INFORMATION SHOWN >>

····················

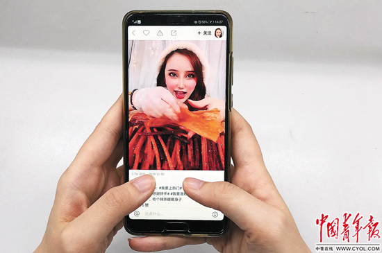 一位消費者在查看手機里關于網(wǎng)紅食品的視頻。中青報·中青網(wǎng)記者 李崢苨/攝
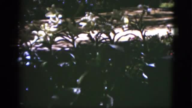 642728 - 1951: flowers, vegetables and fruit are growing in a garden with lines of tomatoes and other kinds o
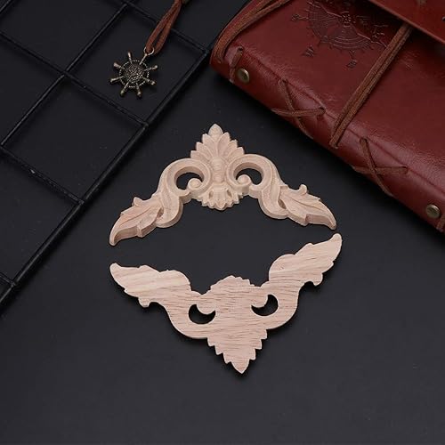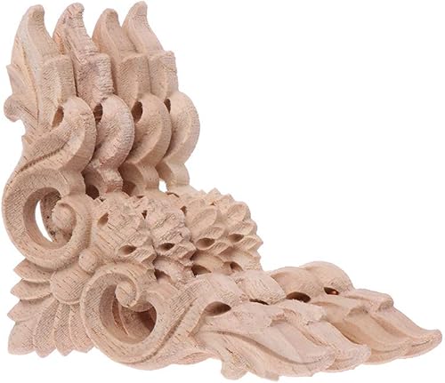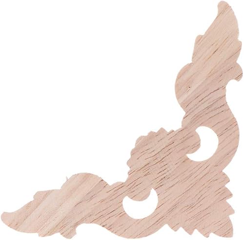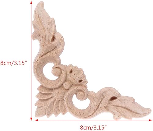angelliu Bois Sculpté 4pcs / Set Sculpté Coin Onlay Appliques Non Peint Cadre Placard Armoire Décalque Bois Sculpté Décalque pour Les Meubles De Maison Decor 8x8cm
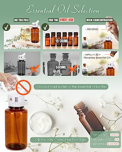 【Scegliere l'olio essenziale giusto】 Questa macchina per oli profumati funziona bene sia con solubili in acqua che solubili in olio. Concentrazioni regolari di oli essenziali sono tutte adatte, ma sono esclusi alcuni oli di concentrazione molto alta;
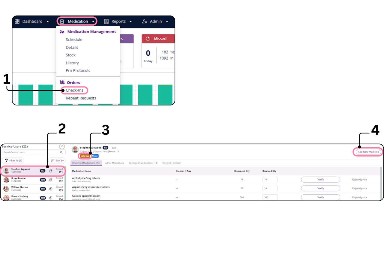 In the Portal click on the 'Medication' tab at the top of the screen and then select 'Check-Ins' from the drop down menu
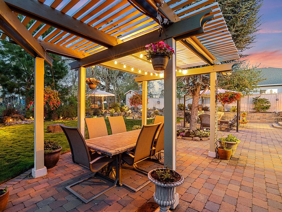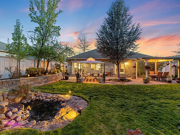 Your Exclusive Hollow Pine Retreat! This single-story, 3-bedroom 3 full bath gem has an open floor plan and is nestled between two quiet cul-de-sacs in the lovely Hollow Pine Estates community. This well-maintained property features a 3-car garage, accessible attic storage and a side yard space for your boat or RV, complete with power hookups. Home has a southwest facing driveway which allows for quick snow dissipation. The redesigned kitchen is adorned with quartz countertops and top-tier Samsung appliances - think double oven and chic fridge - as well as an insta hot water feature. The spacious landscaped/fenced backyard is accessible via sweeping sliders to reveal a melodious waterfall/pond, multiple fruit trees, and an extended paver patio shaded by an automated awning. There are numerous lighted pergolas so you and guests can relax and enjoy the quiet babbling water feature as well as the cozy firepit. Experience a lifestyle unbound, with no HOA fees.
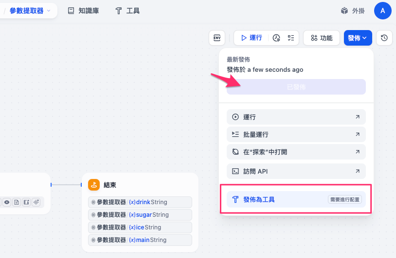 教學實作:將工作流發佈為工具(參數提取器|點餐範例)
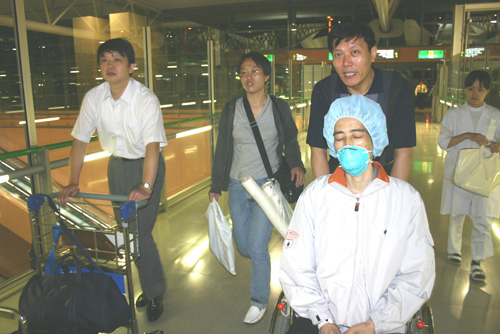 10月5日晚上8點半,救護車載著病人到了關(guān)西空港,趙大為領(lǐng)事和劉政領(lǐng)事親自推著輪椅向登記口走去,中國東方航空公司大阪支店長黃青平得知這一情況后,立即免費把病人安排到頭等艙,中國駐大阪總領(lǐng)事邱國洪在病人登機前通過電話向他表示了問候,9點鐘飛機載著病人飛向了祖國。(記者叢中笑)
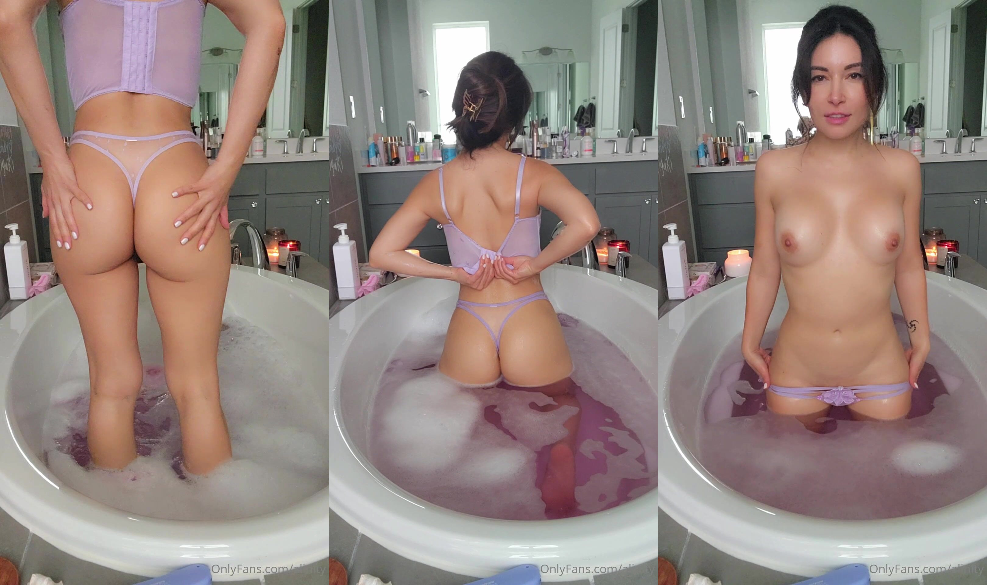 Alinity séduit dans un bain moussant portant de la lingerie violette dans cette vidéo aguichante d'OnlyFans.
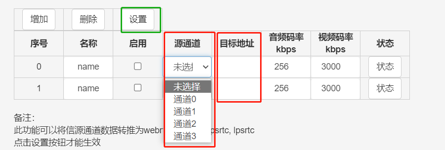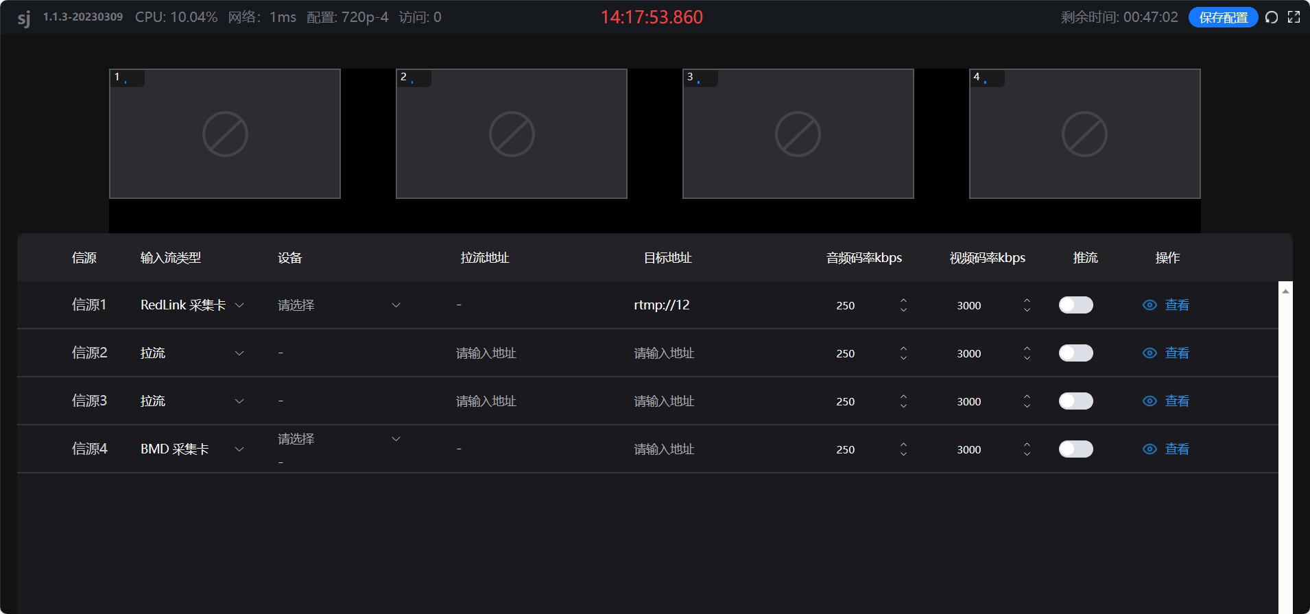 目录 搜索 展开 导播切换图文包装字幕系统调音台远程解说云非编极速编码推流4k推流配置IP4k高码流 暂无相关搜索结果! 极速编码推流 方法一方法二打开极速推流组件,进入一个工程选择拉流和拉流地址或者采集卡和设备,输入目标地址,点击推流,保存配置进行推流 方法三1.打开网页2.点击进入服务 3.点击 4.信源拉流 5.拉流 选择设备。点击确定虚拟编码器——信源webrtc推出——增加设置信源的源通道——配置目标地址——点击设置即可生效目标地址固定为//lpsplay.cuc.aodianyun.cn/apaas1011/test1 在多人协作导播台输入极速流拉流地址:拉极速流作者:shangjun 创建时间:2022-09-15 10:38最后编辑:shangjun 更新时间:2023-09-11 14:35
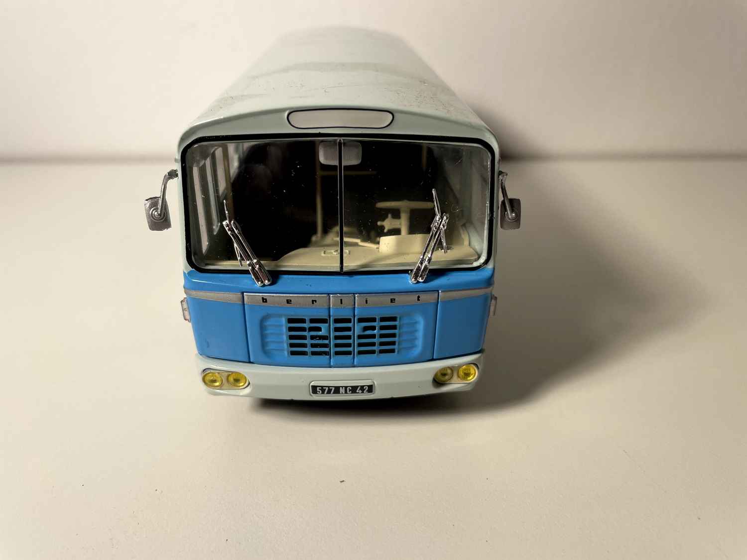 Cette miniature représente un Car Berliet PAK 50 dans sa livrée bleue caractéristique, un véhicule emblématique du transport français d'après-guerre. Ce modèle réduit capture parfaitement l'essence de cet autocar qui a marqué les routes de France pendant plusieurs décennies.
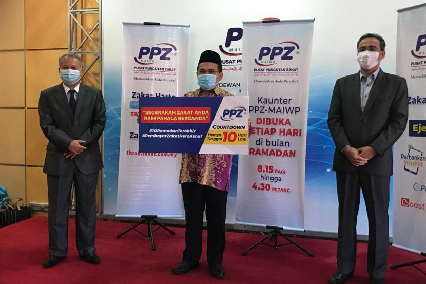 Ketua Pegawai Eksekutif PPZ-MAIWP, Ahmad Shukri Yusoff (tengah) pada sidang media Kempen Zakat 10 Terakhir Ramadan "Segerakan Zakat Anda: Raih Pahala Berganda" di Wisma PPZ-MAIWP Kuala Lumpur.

····················

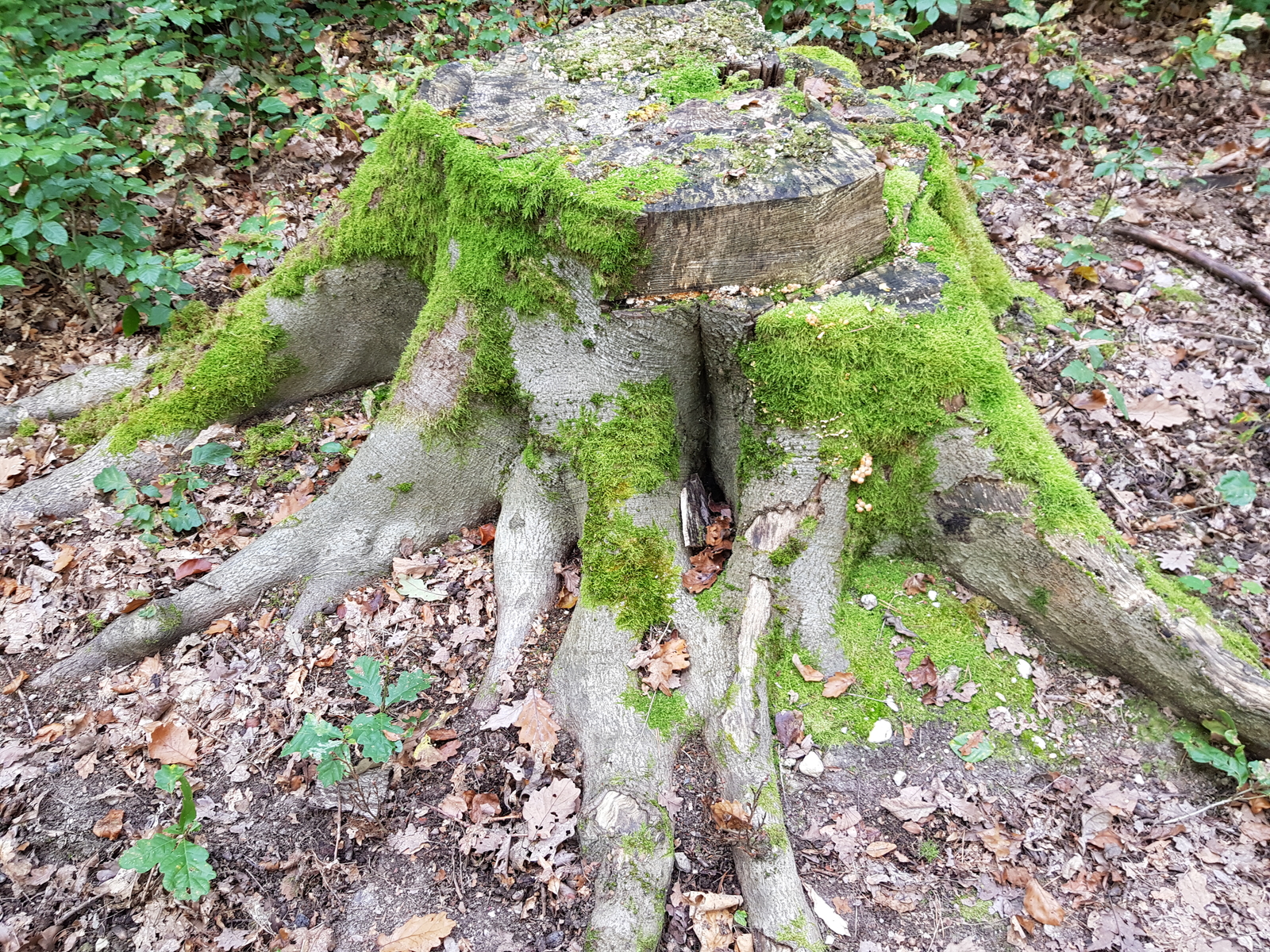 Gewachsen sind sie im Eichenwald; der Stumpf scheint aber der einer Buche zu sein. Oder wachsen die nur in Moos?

····················

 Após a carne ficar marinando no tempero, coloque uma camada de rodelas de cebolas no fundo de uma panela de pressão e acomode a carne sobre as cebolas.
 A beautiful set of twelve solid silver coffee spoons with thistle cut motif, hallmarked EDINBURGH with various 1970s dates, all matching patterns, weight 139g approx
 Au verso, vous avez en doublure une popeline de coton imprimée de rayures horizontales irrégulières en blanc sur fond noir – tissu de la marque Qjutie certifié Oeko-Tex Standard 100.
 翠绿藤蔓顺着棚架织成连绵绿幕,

····················

WORK ITEM >> When you reach the line with "Alinity séduit dans" in the records above, start writing out each line exactly, and stop after the line with "目录 搜索 展开 导播切换图文包装字幕系统调音台远程解说云非编极速编码推流4k推流配置IP4k高码流". Pictures stay out.

ANSWER TO THE PROBLEM >>
 Alinity séduit dans un bain moussant portant de la lingerie violette dans cette vidéo aguichante d'OnlyFans.
 目录 搜索 展开 导播切换图文包装字幕系统调音台远程解说云非编极速编码推流4k推流配置IP4k高码流 暂无相关搜索结果! 极速编码推流 方法一方法二打开极速推流组件,进入一个工程选择拉流和拉流地址或者采集卡和设备,输入目标地址,点击推流,保存配置进行推流 方法三1.打开网页2.点击进入服务 3.点击 4.信源拉流 5.拉流 选择设备。点击确定虚拟编码器——信源webrtc推出——增加设置信源的源通道——配置目标地址——点击设置即可生效目标地址固定为//lpsplay.cuc.aodianyun.cn/apaas1011/test1 在多人协作导播台输入极速流拉流地址:拉极速流作者:shangjun 创建时间:2022-09-15 10:38最后编辑:shangjun 更新时间:2023-09-11 14:35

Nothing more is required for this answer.